Solution / KFC China replaced its à la carte menus with simplified discount meal combos which it promoted via KFC’s mobile ordering app whenever it rained. The pared-back menu made it easier for KFC to prepare meals on-time, reducing delays and alleviating pressure on the restaurant chain’s delivery and in-store staff.
Created by Isobar China, Shanghai, The God of Rain discounted menus were automatically triggered through real-time weather and location data. The fast food chain rolled out the weather-dependent promotions across its 6,000 stores in China.
To promote the campaign, KFC China partnered with Taiwanese rock star Jam Hsiao who is jokingly nicknamed ‘The God of Rain’ because it rained at 83% of his concerts when he toured China.

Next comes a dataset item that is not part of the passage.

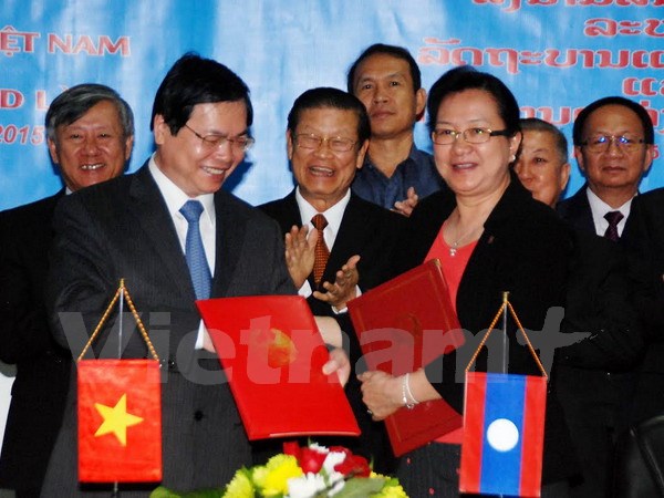นาย หวูฮุยหว่าง รัฐมนตรีว่าการกระทรวงอุตสาหกรรมและพาณิชย์เวียดนามและนางเข็มมะนี พนเสนา รัฐมนตรีว่าการกระทรวงอุตสาหกรรมและพาณิชย์ลาวลงนามข้อตกลงการค้าทวิภาคี(Photo: vietnamplus.vn) |

Results / According to the agency, in the first two weeks, more than 850,000 people used the rainy-day menu with more than 200,000 users in one single day. The brand’s meal preparation time decreased by 25%, while rain delivery orders increased by 4% and average spend per order rose by 8%.
Contagious Insight /
Rain or shine / Convenience is at the heart of this weather responsive campaign that solves a customer pain point as well as a supply issue. KFC China won’t be the only restaurant business struggling to cope with order spikes during periods of bad weather. But the chain manages to set itself apart by cutting down on wait times and guaranteeing cheaper prices. In this way, it turns a negative into a positive for its Chinese customers. We’ve seen plenty of other weather responsive advertising before from brands such as Subway, Prospan and the North Face. However, KFC China’s campaign goes the extra mile in terms of scale, integration and use of a world-famous celebrity. Clearly, this is more than just a one-off. It is an effective long-term strategy for dealing with backlogs, engaging consumers and cementing KFC in China’s food delivery business, which is worth an estimated ¥579bn ($89.4bn) per year.
Category entry points / The campaign also helps to ingrain the habit of ‘having KFC when it rains’ among Chinese consumers. In their book How Brands Grow Part 2, Jenni Romaniuk and Byron Sharp, professors at the Ehrenberg-Bass Institute for Marketing Science, advise brands to increase mental availability in consumers by boosting the category entry points – ie, the different circumstances in which customers buy from a brand and its category competitors. KFC China clearly understands that it needs to be in the memory business by associating itself with the weather.
On brand / This is very much in line with KFC China’s willingness to embracing the latest technology. A few years ago, the brand had lost relevance by failing to keep up with the evolving digital expectations of its customers. Since then, the brand has undergone a digital transformation in China, putting frictionless payments and innovation at the heart of its model. From this most recent iteration, this strategy continues to pay off today. You can read more about KFC China’s foray into technology in our Brand Spotlight, here.
‘Young Chinese customers are hyper-connected and rarely use things like cash anymore,’ said Steven Li, the former chief marketing officer of Yum China (the group that owns KFC China), in an interview with Contagious. ‘Retail companies and brands are now required to create seamless digital experiences for them or risk becoming obsolete.’